The AUD/USD pair has found support near the 0.6530 level after plunging by more than 3% in the past week. The strengthening of the Japanese yen has harmed the carry trade strategy, leading to a squeeze on the Aussie dollar. The market is now closely watching the Australian CPI reading due tomorrow. An upbeat CPI reading could be a pivotal factor, potentially driving the Aussie dollar and the pair to rebound from the current support level.

The AUD/USD pair has eased from its bearish momentum and found support at the 0.6350 level. A rebound that crosses above 0.6570 may be a bullish signal for the pair. The RSI has gotten out from the oversold zone, while the MACD has a bullish cross and has edged higher from below the zero line, suggesting the bearish momentum has eased. 

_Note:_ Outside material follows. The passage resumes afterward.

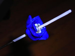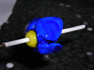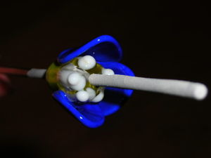 Wie ihr es schon gemacht habt setzen wir einen Riesenblob auf. Jetzt müßt ihr allerdings daran denken, daß er in der gepreßten Länge nachher, das Innere der Blüte überragen soll. Also hier gilt, lieber ein bissele mehr.

Resistance level: 0.6611, 0.6673

Support level: 0.6500, 0.6420


USD/JPY, H4

In recent weeks, investors have eagerly bought the yen, anticipating an interest rate hike from the Bank of Japan (BOJ). The yen’s approximately 5% rise against the dollar since July 11 was boosted by suspected market intervention. However, the rally’s fragility was highlighted by a quick retracement after stronger-than-expected US economic data. With swaps markets suggesting a 45% chance of a BOJ rate hike and only 30% of surveyed BOJ watchers predicting it, yen bulls are vulnerable. The BOJ’s potential inaction or smaller-than-expected bond purchase cuts, alongside US Federal Reserve decisions, could weaken the yen.

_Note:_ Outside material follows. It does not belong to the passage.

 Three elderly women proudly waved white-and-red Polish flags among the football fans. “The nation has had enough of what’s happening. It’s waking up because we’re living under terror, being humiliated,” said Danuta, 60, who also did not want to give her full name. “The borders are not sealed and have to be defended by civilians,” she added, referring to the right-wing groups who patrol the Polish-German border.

USD/JPY is trading lower following the prior retracement from the resistance level. MACD has illustrated diminishing bullish momentum, while RSI is at 40, suggesting the pair might extend its losses since the RSI stays below the midline. 

Resistance level: 154.35, 155.75

Support level: 152.25, 150.80


BTC/USD, H4

Bitcoin’s bullish trend was interrupted in the last session with significant movement observed yesterday. A U.S. government crypto wallet sent BTC worth approximately $2 billion, previously confiscated from the defunct dark web market, potentially causing selling pressure in the BTC market. Meanwhile, Ethereum saw a significant inflow following the launch of Ethereum ETFs, which may serve as a positive catalyst, providing buoyancy for the broader crypto market.

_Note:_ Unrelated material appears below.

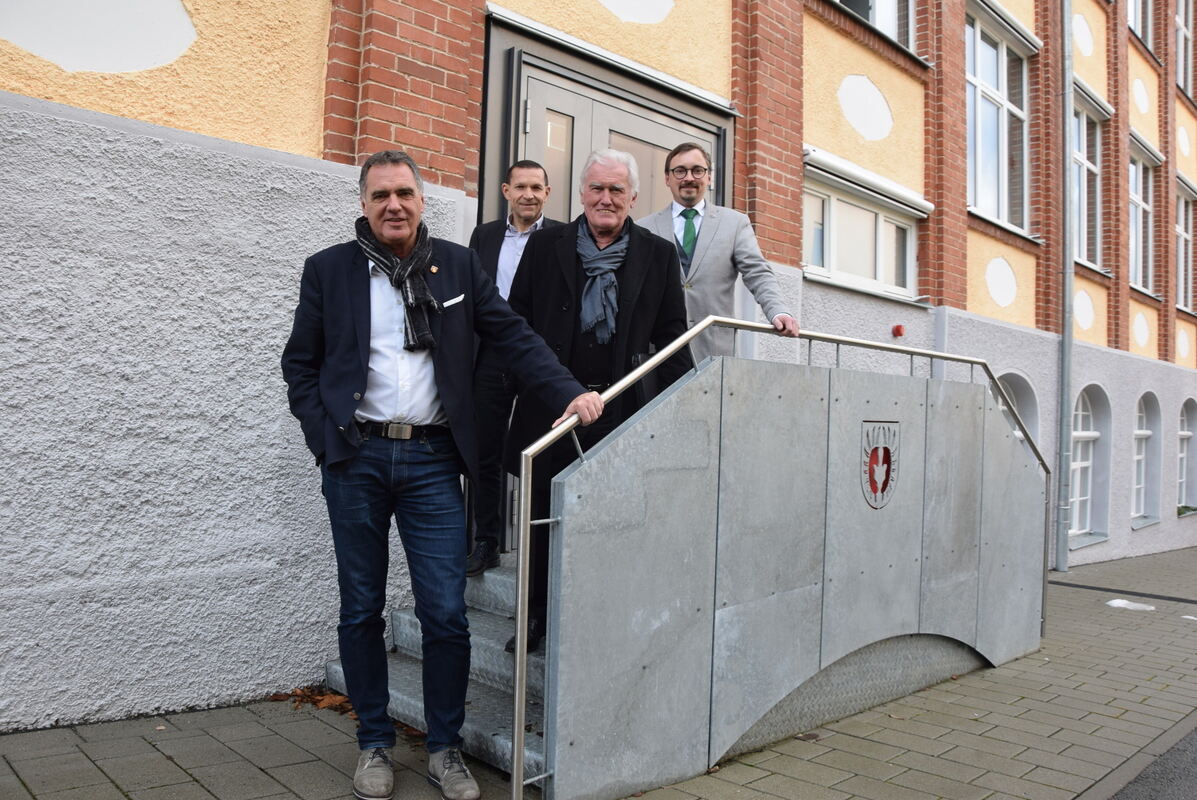 Für das Pressefoto lächeln sie freundlich. Dabei ist den Bürgermeister Thomas Hölsch, Gunter Schmid, Joseph Reichert und Steffen Heß (von links) alles andere als zum Lachen zumute. FOTO: WALDERICH

BTC hit the $70,000 mark before its quickly retracing, suggesting that the bullish momentum is insufficient for BTC. The RSI has declined to the mid-level, while the MACD edged lower, heading to the zero line, suggesting that the bullish momentum is vanishing. 

Resistance level: 70880.00, 73660.00

Support level: 64860.00, 62200.00


CL OIL, H4

Oil prices edged lower due to concerns over weakening global demand and increased non-OPEC supply. US crude output is expected to rise by 500,000 barrels per day this year. Persistent concerns over China’s slowing economic recovery have also weighed on oil prices. This comes ahead of the OPEC+ Joint Ministerial Monitoring Committee meeting on Thursday, where no changes to output policy are expected, though surprises could include delaying the easing of supply cuts set to start in October.

Oil prices are trading lower following the prior breakout below the previous support level. MACD has illustrated increasing bearish momentum, while RSI is at 36, suggesting the commodity might extend its losses since the RSI stays below the midline.